Steemit Learning Club S23W5 | Integrating AI with the Steemit Blockchain: An idea with complete guidance
Hello dear friends, How are you? I hope all of my friends & developers will be fine. Let's meet me again I am your very own Faran Nabeel and today am here with another great idea for the growth of steemit platform. So, let's continue with this week of tech club.
In digital landscape, the blockchain technology and artificial intelligence has the potential to revolutionize the content creation and community engagement. In this section, I would like to explore the innovative project idea that integrate AI with the Steemit blockchain to create the intelligent dashboard for content creators and steemit user. This system will retrieve and analyze blockchain data but it's also use AI technique to provide actionable insights. I’ll dive into architecture, code example, with flowcharts to help to understand how to implement this unique idea.
The dark-themed web page labeled “Steemit Analytics Dashboard” at the top. It is just the idea, how it can be design and how it will look it. Below title, there is the navigation bar with links for overview, Data Retrieval, and Sentiment, and Visualization, and the last one is Settings. The background is primarily black and very dark gray.
Further down, the Data Retrieval & Preprocessing section appears, feature the code snippet display within gray box on the left. the layout is clean and simple, with bold heading, light text on dark background, easy to read structure for each section.
Introduction
Below are two horizontal input fields label“Username” and “Password,” each with dark gray interior. At bottom, a “Login” button stand out against the gray, complete the modern interface.

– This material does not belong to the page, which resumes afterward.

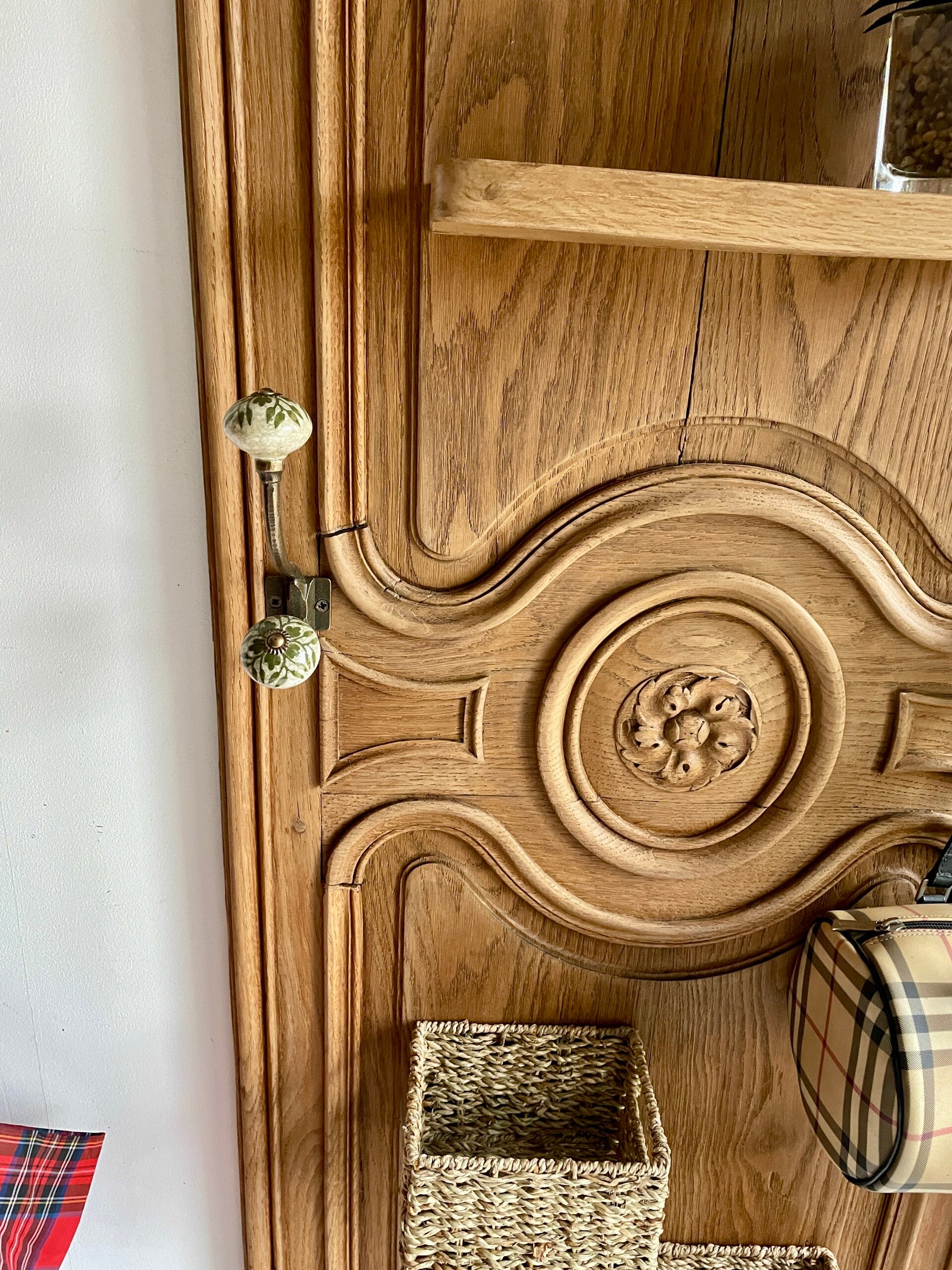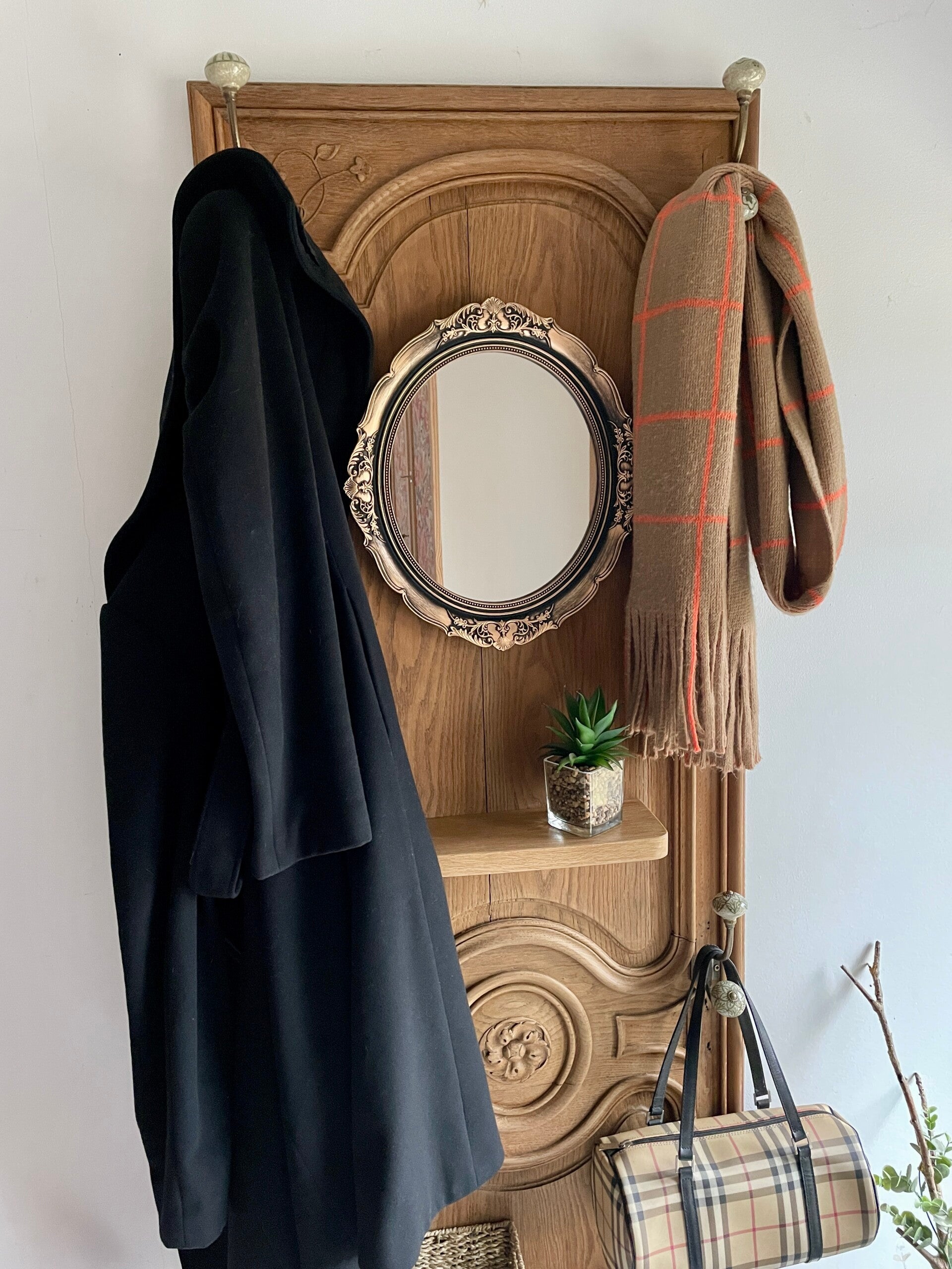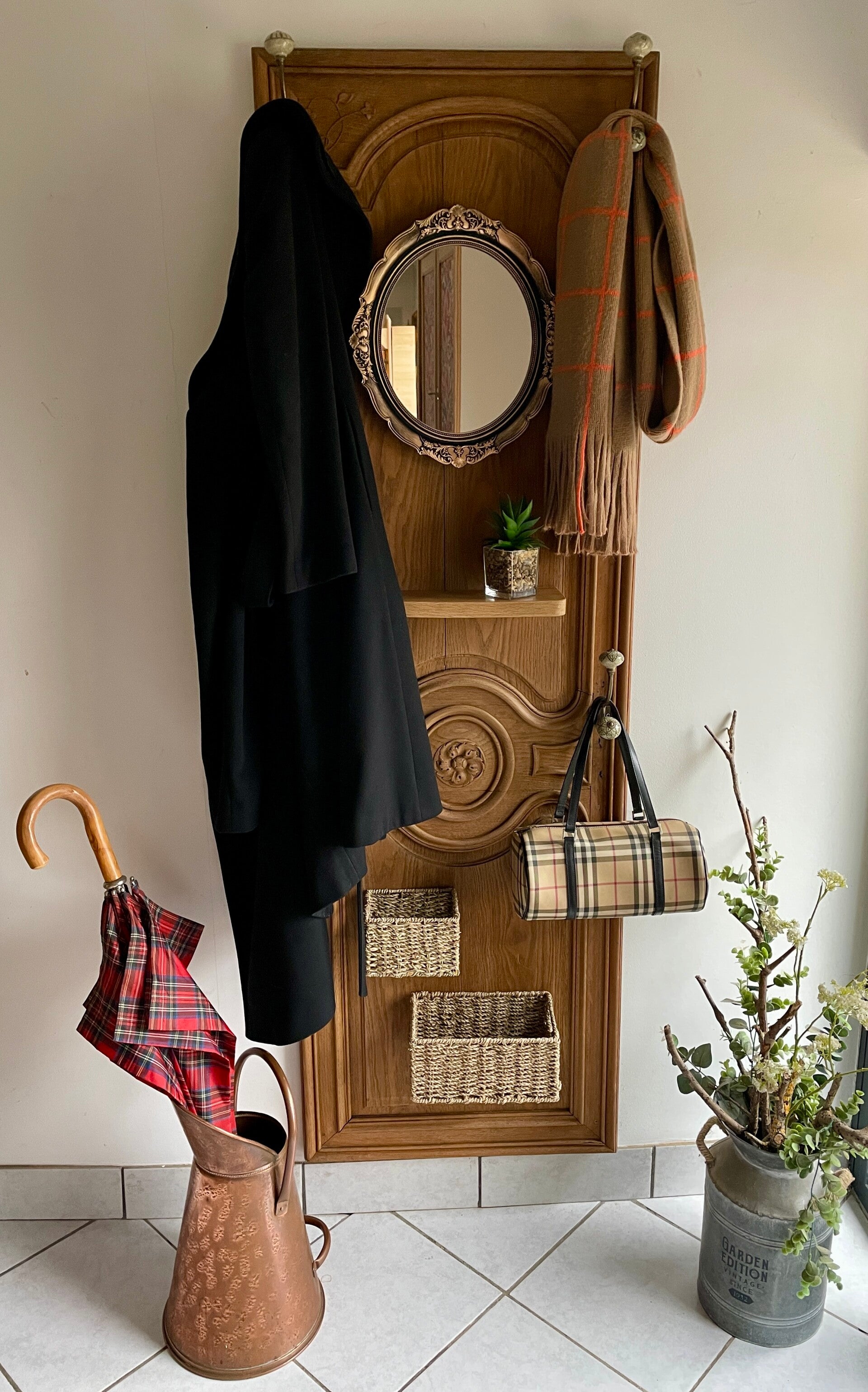 Porte en chêne massif d’une ancienne armoire et aux jolis motifs sculptés revisitée en dressing d’entrée.
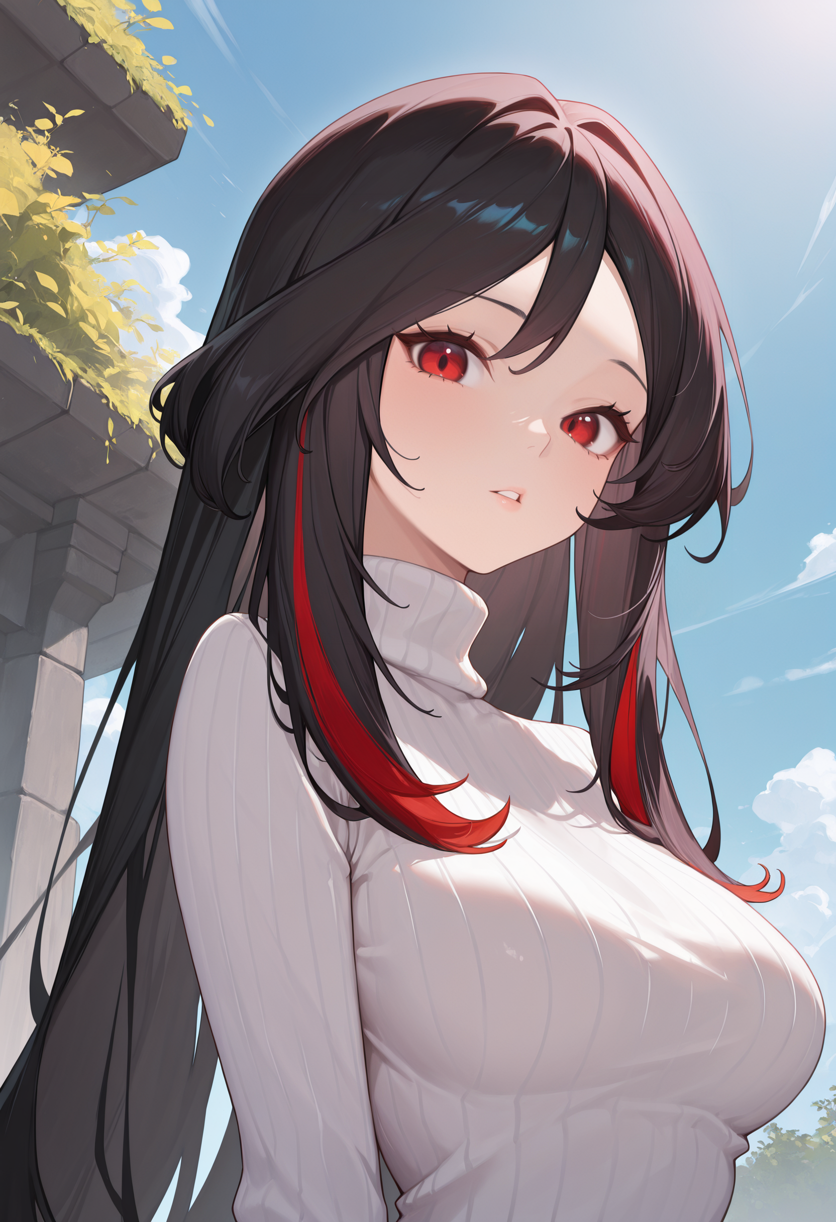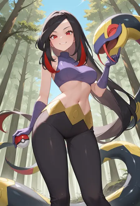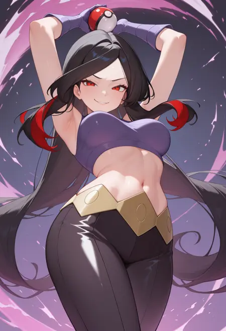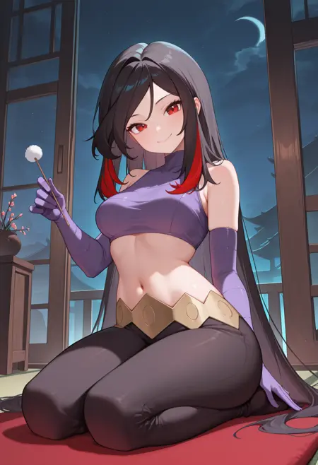 lcy,红眼睛,黑发,极长发,多色发,红发,中等胸部,紫色上衣,露脐装,无袖,腹部,肚脐,黑色紧身裤,紫色手套,肘部手套

As we know that Steemit is a blockchain base social media platform that rewards to users for creating and curating content. While Steemit already provide transparency in transaction and rewards, integrating AI can elevate user experience by automate the data analysis, predict the trends, and offer personalize suggestions. And I wanna describing something that * #.comment, it is a comment due to some markdown instriction, I am using this to show the comment. The core idea of my project is to build an AI powered Steemit Analytic Dashboard. The dashboard will:
- Retrieve the data from the Steemit blockchain.
- Analyze the post performance, vote pattern, and community engagement.
- Use AI for sentiment analysis, and for reward prediction.
- Provide visualization and quick actionable recommendations.
This combination of blockchain and AI enhances transparency and helps creators optimize their strategy. And it is the way to make the steemit with automatic AI system to integrate with latest technology.
System Architecture and Flow
The system consist of several components and parts:
Data Retrieval Module: Use blockchain APIs for example, using the Python library the
beem
to fetch data.Data Processing Module: Clean and organize the data for analysis.
AI Analysis Module: Employ machine learning technique and natural language processing to analyze the text, sentiment, and predict reward.
Visualization Module: Generate charts and dashboard using libraries like Plotly and Matplotlib.
User Interface: A web base dashboard to display insight.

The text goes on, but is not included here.